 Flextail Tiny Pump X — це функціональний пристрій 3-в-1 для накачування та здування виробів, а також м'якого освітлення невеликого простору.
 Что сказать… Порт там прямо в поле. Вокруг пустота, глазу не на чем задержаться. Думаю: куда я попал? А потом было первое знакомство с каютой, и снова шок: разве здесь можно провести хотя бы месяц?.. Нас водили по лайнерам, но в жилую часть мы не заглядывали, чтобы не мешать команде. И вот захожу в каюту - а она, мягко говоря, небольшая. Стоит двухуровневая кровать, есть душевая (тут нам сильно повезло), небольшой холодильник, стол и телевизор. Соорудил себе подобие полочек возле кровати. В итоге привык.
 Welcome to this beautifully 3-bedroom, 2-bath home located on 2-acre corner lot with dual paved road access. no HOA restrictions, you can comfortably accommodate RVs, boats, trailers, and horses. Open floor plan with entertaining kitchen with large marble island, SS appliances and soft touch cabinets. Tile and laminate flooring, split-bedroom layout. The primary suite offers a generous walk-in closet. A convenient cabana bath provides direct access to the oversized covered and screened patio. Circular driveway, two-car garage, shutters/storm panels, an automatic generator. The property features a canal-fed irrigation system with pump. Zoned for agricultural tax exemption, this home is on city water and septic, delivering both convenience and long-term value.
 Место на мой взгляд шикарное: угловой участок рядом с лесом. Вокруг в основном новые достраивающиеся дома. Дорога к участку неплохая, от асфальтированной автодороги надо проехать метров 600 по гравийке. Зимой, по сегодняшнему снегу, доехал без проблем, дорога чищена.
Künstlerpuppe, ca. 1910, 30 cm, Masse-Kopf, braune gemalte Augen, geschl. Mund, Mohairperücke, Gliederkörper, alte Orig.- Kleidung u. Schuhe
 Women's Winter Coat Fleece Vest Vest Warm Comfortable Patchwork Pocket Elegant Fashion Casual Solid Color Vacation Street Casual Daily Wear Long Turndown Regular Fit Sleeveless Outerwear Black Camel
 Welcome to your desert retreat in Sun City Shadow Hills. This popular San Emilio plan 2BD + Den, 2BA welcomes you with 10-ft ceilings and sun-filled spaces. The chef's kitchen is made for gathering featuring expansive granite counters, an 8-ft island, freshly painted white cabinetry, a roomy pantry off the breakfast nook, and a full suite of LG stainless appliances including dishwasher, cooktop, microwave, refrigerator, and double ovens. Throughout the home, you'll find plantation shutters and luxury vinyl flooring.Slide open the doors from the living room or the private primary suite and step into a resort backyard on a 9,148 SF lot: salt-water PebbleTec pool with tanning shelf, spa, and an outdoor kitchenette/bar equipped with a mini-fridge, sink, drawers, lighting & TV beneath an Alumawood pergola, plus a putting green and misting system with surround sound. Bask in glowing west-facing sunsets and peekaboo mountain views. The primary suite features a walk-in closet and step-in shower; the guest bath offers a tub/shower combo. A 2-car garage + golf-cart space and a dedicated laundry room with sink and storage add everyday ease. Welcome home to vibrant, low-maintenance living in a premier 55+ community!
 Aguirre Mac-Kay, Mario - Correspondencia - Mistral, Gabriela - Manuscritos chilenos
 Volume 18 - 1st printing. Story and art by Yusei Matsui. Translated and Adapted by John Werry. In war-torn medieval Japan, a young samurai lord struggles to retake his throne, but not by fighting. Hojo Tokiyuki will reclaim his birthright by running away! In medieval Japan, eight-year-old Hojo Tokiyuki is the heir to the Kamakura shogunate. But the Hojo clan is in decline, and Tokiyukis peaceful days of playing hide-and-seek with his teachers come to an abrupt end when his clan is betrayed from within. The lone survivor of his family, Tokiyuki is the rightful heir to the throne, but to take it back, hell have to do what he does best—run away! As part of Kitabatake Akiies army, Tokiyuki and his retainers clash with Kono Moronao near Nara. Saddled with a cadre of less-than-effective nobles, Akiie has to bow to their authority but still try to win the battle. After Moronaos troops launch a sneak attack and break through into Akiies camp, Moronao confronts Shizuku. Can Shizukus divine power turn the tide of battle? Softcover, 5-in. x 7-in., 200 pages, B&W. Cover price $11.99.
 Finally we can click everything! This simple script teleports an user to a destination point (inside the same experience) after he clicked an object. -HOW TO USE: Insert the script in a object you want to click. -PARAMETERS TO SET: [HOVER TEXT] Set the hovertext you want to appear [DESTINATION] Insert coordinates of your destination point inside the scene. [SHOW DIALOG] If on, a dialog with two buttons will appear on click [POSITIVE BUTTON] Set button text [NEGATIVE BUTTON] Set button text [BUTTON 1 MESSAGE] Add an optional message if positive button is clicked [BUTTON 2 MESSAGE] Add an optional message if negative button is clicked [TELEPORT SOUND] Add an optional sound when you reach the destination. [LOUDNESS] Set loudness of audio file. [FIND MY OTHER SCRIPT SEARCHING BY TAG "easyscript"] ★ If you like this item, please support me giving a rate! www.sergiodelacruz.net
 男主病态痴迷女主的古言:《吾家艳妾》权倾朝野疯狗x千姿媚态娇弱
====
WHAT THE TASK REQUIRES:
Output each line of the data exactly as it stands above.

SOLUTION:
 Flextail Tiny Pump X — це функціональний пристрій 3-в-1 для накачування та здування виробів, а також м'якого освітлення невеликого простору.
 Что сказать… Порт там прямо в поле. Вокруг пустота, глазу не на чем задержаться. Думаю: куда я попал? А потом было первое знакомство с каютой, и снова шок: разве здесь можно провести хотя бы месяц?.. Нас водили по лайнерам, но в жилую часть мы не заглядывали, чтобы не мешать команде. И вот захожу в каюту - а она, мягко говоря, небольшая. Стоит двухуровневая кровать, есть душевая (тут нам сильно повезло), небольшой холодильник, стол и телевизор. Соорудил себе подобие полочек возле кровати. В итоге привык.
 Welcome to this beautifully 3-bedroom, 2-bath home located on 2-acre corner lot with dual paved road access. no HOA restrictions, you can comfortably accommodate RVs, boats, trailers, and horses. Open floor plan with entertaining kitchen with large marble island, SS appliances and soft touch cabinets. Tile and laminate flooring, split-bedroom layout. The primary suite offers a generous walk-in closet. A convenient cabana bath provides direct access to the oversized covered and screened patio. Circular driveway, two-car garage, shutters/storm panels, an automatic generator. The property features a canal-fed irrigation system with pump. Zoned for agricultural tax exemption, this home is on city water and septic, delivering both convenience and long-term value.
 Место на мой взгляд шикарное: угловой участок рядом с лесом. Вокруг в основном новые достраивающиеся дома. Дорога к участку неплохая, от асфальтированной автодороги надо проехать метров 600 по гравийке. Зимой, по сегодняшнему снегу, доехал без проблем, дорога чищена.
Künstlerpuppe, ca. 1910, 30 cm, Masse-Kopf, braune gemalte Augen, geschl. Mund, Mohairperücke, Gliederkörper, alte Orig.- Kleidung u. Schuhe
 Women's Winter Coat Fleece Vest Vest Warm Comfortable Patchwork Pocket Elegant Fashion Casual Solid Color Vacation Street Casual Daily Wear Long Turndown Regular Fit Sleeveless Outerwear Black Camel
 Welcome to your desert retreat in Sun City Shadow Hills. This popular San Emilio plan 2BD + Den, 2BA welcomes you with 10-ft ceilings and sun-filled spaces. The chef's kitchen is made for gathering featuring expansive granite counters, an 8-ft island, freshly painted white cabinetry, a roomy pantry off the breakfast nook, and a full suite of LG stainless appliances including dishwasher, cooktop, microwave, refrigerator, and double ovens. Throughout the home, you'll find plantation shutters and luxury vinyl flooring.Slide open the doors from the living room or the private primary suite and step into a resort backyard on a 9,148 SF lot: salt-water PebbleTec pool with tanning shelf, spa, and an outdoor kitchenette/bar equipped with a mini-fridge, sink, drawers, lighting & TV beneath an Alumawood pergola, plus a putting green and misting system with surround sound. Bask in glowing west-facing sunsets and peekaboo mountain views. The primary suite features a walk-in closet and step-in shower; the guest bath offers a tub/shower combo. A 2-car garage + golf-cart space and a dedicated laundry room with sink and storage add everyday ease. Welcome home to vibrant, low-maintenance living in a premier 55+ community!
 Aguirre Mac-Kay, Mario - Correspondencia - Mistral, Gabriela - Manuscritos chilenos
 Volume 18 - 1st printing. Story and art by Yusei Matsui. Translated and Adapted by John Werry. In war-torn medieval Japan, a young samurai lord struggles to retake his throne, but not by fighting. Hojo Tokiyuki will reclaim his birthright by running away! In medieval Japan, eight-year-old Hojo Tokiyuki is the heir to the Kamakura shogunate. But the Hojo clan is in decline, and Tokiyukis peaceful days of playing hide-and-seek with his teachers come to an abrupt end when his clan is betrayed from within. The lone survivor of his family, Tokiyuki is the rightful heir to the throne, but to take it back, hell have to do what he does best—run away! As part of Kitabatake Akiies army, Tokiyuki and his retainers clash with Kono Moronao near Nara. Saddled with a cadre of less-than-effective nobles, Akiie has to bow to their authority but still try to win the battle. After Moronaos troops launch a sneak attack and break through into Akiies camp, Moronao confronts Shizuku. Can Shizukus divine power turn the tide of battle? Softcover, 5-in. x 7-in., 200 pages, B&W. Cover price $11.99.
 Finally we can click everything! This simple script teleports an user to a destination point (inside the same experience) after he clicked an object. -HOW TO USE: Insert the script in a object you want to click. -PARAMETERS TO SET: [HOVER TEXT] Set the hovertext you want to appear [DESTINATION] Insert coordinates of your destination point inside the scene. [SHOW DIALOG] If on, a dialog with two buttons will appear on click [POSITIVE BUTTON] Set button text [NEGATIVE BUTTON] Set button text [BUTTON 1 MESSAGE] Add an optional message if positive button is clicked [BUTTON 2 MESSAGE] Add an optional message if negative button is clicked [TELEPORT SOUND] Add an optional sound when you reach the destination. [LOUDNESS] Set loudness of audio file. [FIND MY OTHER SCRIPT SEARCHING BY TAG "easyscript"] ★ If you like this item, please support me giving a rate! www.sergiodelacruz.net
 男主病态痴迷女主的古言:《吾家艳妾》权倾朝野疯狗x千姿媚态娇弱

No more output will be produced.